If one of my good friends didn’t tell me when her mom was sick and dying, I would think she didn’t care for me very much as a friend. (Obviously, if her mom gets sick and dies rather quickly, I don’t expect a phone call or email or whatever – but if this is over a period of weeks, I want to know so I can help.)
Part of being a friend is to let people be a friend to you.
CCRC bound
I have. I’m married to someone only 7 years older, but with a chronic condition that will likely shorten his life. I have a sister and a nephew (and a mother) but don’t live near them. So I’ve picked out the CCRC (Continuing Care Retirement Community) I want to move into when I’m a little older (49 now) that provides independent living up to memory care. I even stalk their monthly newsletter and dinner/lunch choices. I’m honestly excited to move in and it’s near a college so I can take classes, go on trips.
Prepper
this is an interesting point — as to planning for your later in life loneliness. How much of elderly loneliness is just not planning for it or actively avoiding thinking about what will happen to you? Or not thinking that it will happen to you, so you don’t foster relationships, or pick up hobbies, or importantly, try your best to remain active and limber so that you can live a full life and that you CAN leave your house safely without a fall risk.

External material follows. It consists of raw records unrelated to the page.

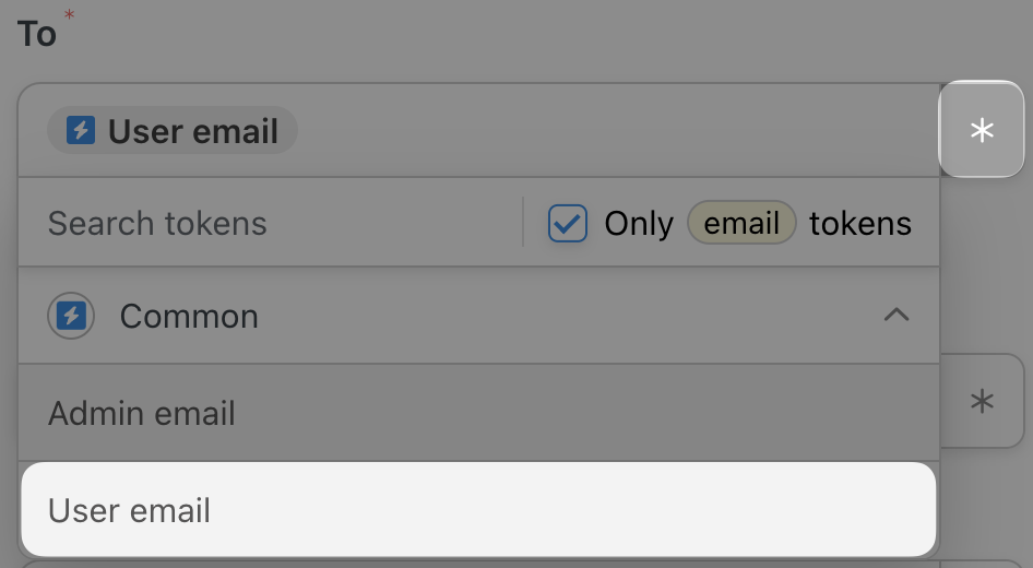 Automator will present you with an email form. You can fill out this form using tokens (dynamic data pulled from your WordPress website and from within recipes). To select a token, click the Asterisk.
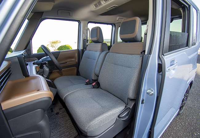2台とも室内は圧倒的に広い。スライドドア開口幅と室内長はクラス最大。これまでどおり後席の子どもをケアしやすいよう運転席から助手席を簡単に前倒しできるようになっているのが特徴だ。そしてデザインや質感に大いにこだわっており居心地は抜群である。まずルークスだが、明るい色調もあってKカーにありがちなベーシックな雰囲気は皆無。収納スペースもこれ以上は考えられないほど充実している。また、それぞれが使いやすいように配慮されている作り込みはさすがだ
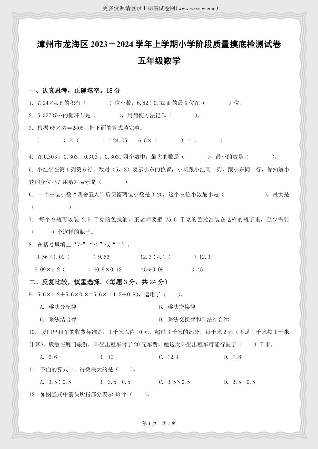 福建省漳州市龙海区2023-2024学年第一学期期中阶段质量摸底检测五年级数学(人教版)
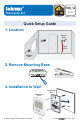 518_Q 03/13 Thermostat 518 Zoning Replaces: New Quick Setup Guide 1. Location Interior Wall 5 feet 1.5 m Exterior Wall 2. Remove Mounting Base 3.
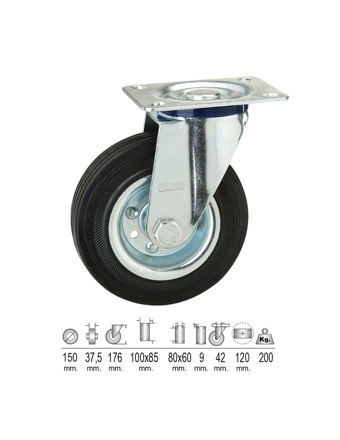 Rueda Industrial Goma Negra Placa Ø 140 mm.
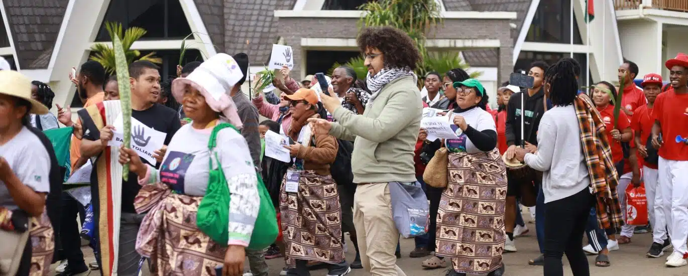 « Je ne pense pas que c’était à cause de nous… c’est juste que vraiment, la situation sociale est intenable. 80 % de la population est sous le seuil de pauvreté de 1€ par jour. » Il évoque l’empoisonnement récent d’une trentaine de personnes qui pourrait être lié aux fréquentes coupures d’électricité. « Des quartiers ont été démolis à Tamatave au profit de groupes impérialistes. A Tuléar, un projet d’extraction de terres rares va servir les intérêts américains… »

And this is not to “victim blame” old people, I”m not saying that yoga will make you live forever, but I would never think that life magically continues on just as it did before. Getting old is tough mentally and physically, but you can plan for it, and you can prepare yourself for it
CCRC I love your plan! best of luck to you, but in the meanwhile, enjoy whatcha got!
Anon
My beloved hair stylist moved away last year and I found a new one through a recommendation from a friend. I am finally admitting that I don’t like the haircuts she gives me. I have been so unhappy with how I look in photos lately and I think a big part of the reason is my haircut. Plus I think I’m ready to grow my hair out a little after having it fairly short so I’m going to need to go through that awkward growth stage and I just feel so blah. No question here — just a vent because I’m going through a phase where I’m not happy with my appearance.
Anonymous
Finding a new hairstylist is such an ordeal. I feel you. The last cut mine gave me was very nearly a mullet…
Anonymous
Thanks to everyone who commented on Wednesday about writing an offer letter to the sellers!
As you suggested, we focused on the lot, and not the condition of the house – we praised the pretty site, big oak trees, charming area, and the “friendly” house. I did tell them we’d be working with the local historical society to restore the home “to how it may have appeared in earlier times” (I indeed did not mention the questionable design choices, the ’70s addition, or the ’90s “update”).
We submitted an offer Wednesday for $125k under list ($300k under their original list 2 years ago) and they came back with $75k under current list ($250k under original list) and we accepted last night!
This community really is great :)
C2
Congrats!!! I commented on your original post. I’m one of those people who really values old homes, but understands that people have to live in them in modern times. I hope there are many charming things you can uncover and are able to save on your journey. You might find inspiration from two of my favorites in the home blog game – House of Brinson’s restoration of a historical property and Young House Love’s restoration of their first beach house.